從緊挨她的一棟白色民居里,躥出一名八歲左右的男孩。

「你這樣會感冒,媽媽讓你快回屋去。」

少女一言不發。

男孩有些小心翼翼地詢問道:「怎麼樣?找到路易了?」

「要是找到了,我至於站在這兒吹冷風嗎?」

——都怪媽媽對路易太冷淡了!

皺眉回答的少女暗暗抱怨著。她還記得,一個月前把小貓撿回家時,媽媽就沒給好臉色。

那天,冰冷的雨從清晨就下個不停。去朋友家玩耍的少女踏上歸途時,天已轉暗。途中,在一片不見人影的空地附近,她見到了那隻奄奄一息的小貓。

那小貓長著近似草色的灰毛,其間散布著黑色紋路。也不知它是從哪兒走到這裡的,最後筋疲力盡地倒在靠近空地的道路盡頭,如同被丟棄的破爛布偶。它不斷叫喚著,發出聽似微弱電鈴般的悲鳴,似乎只有這樣一刻不停地嗷嗷呼喊,才能保住自己最後的體溫。少女將它捧到掌心,才發現小貓全身都已濕透,正不停地打著寒戰。

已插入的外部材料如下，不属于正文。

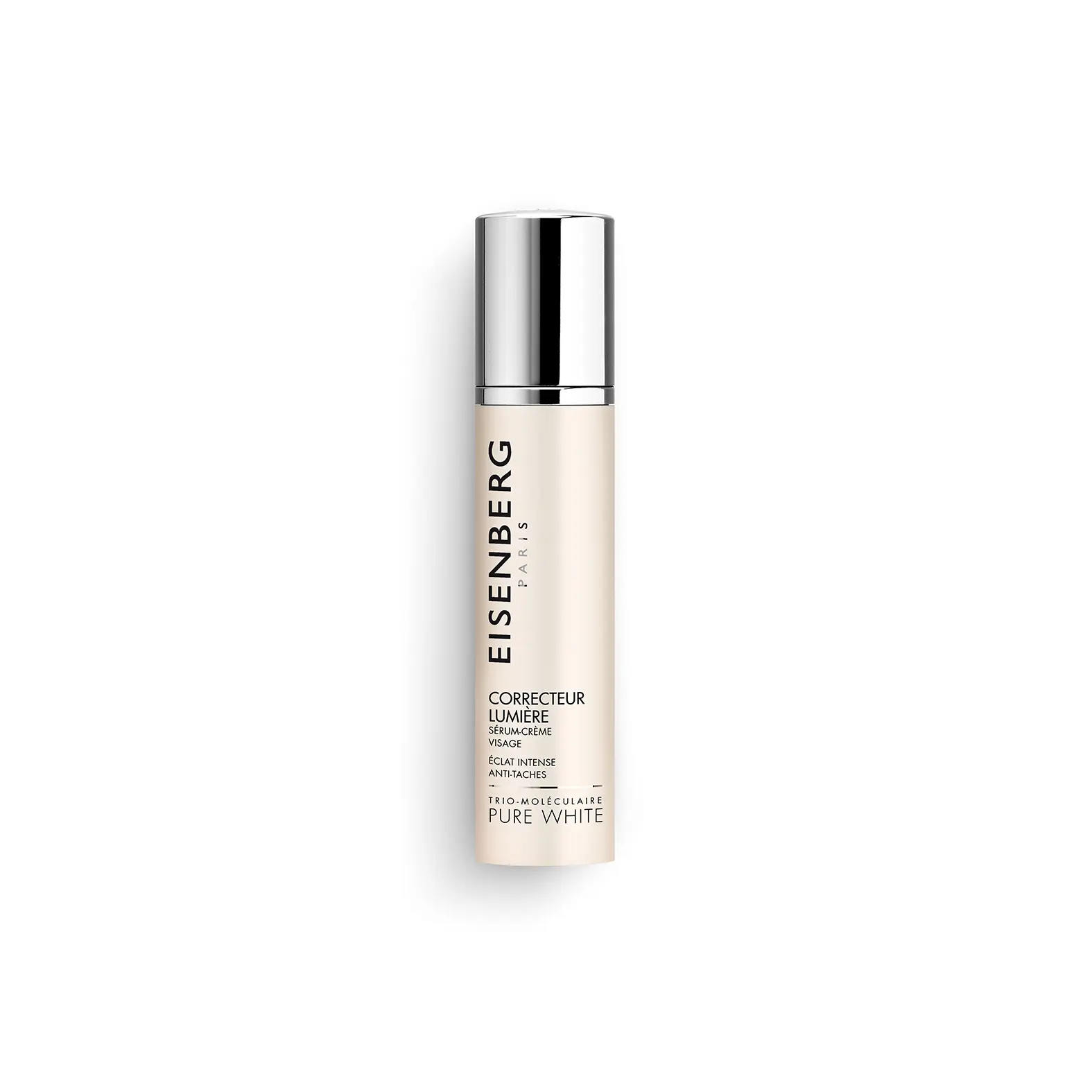 La risposta da parte di Eisenberg è stata la linea Pure White, sviluppata per rispondere alle esigenze di tutte le donne che vogliono prevenire e correggere le macchie brune della pelle dovute al sole, e riacquistare una pelle uniforme e luminosa attraverso formule innovative e textures sensoriali per un comfort estremo e risultati eccezionali. Un esempio è il Siero cremoso CORRECTEUR LUMIÈREspeciale luminosità intensa anti-macchie brune. E’ un trattamento intensivo e anti-età per contrastare le macchie o ritrovare un aspetto luminoso e perfetto della pelle. Questa formula siero-cremosa concentrata in estratto floreale di Bellis Perennis e di Vitamina C agisce in modo mirato per uniformare la melanina e per rivelare un incarnato più chiaro e luminoso. Agisce contro la formazione di macchie pigmentarie. La Vitamina E previene gli effetti nocivi della luce e dell’ossidazione cellulare. Si applica mattina e sera localmente o su tutto il viso, collo e decolleté, prima del trattamento abituale. Adatto a tutti i tipi di pelle, in particolare la pelle con macchie scure e segni di pigmentazione.
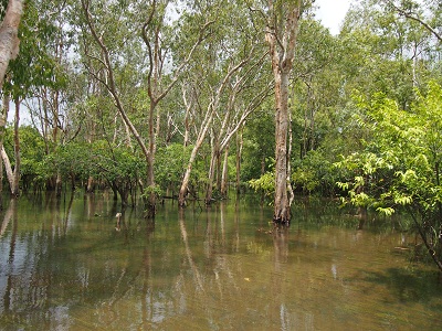 Über den Arnhem Highway geht es nach Kakadu (sprich: Kakadju); immer noch sind ein paar Straßen so überflutet, dass der Bus auf der Hauptstraße durch teils knietiefes Wasser in Senken muss.

「這東西活不了……」將小貓抱回家後,媽媽只瞟上一眼,就冷冷地將它判了死刑。

「等它恢複精神了,我就把它送回空地去。」

少女將小貓帶進自己的房間。她沒料到母親竟如此無情。之後,少女開始無微不至地照顧這隻撿來的小東西。

她用吹風機將小貓的身子吹乾,又把它仔細地裹在毛巾里抱到胸前,用自己的體溫溫暖它的身軀。接著,她又找來吸管,把溫度略高於人體的牛奶送進小貓嘴裡,看著它一點兒一點兒地喝下去。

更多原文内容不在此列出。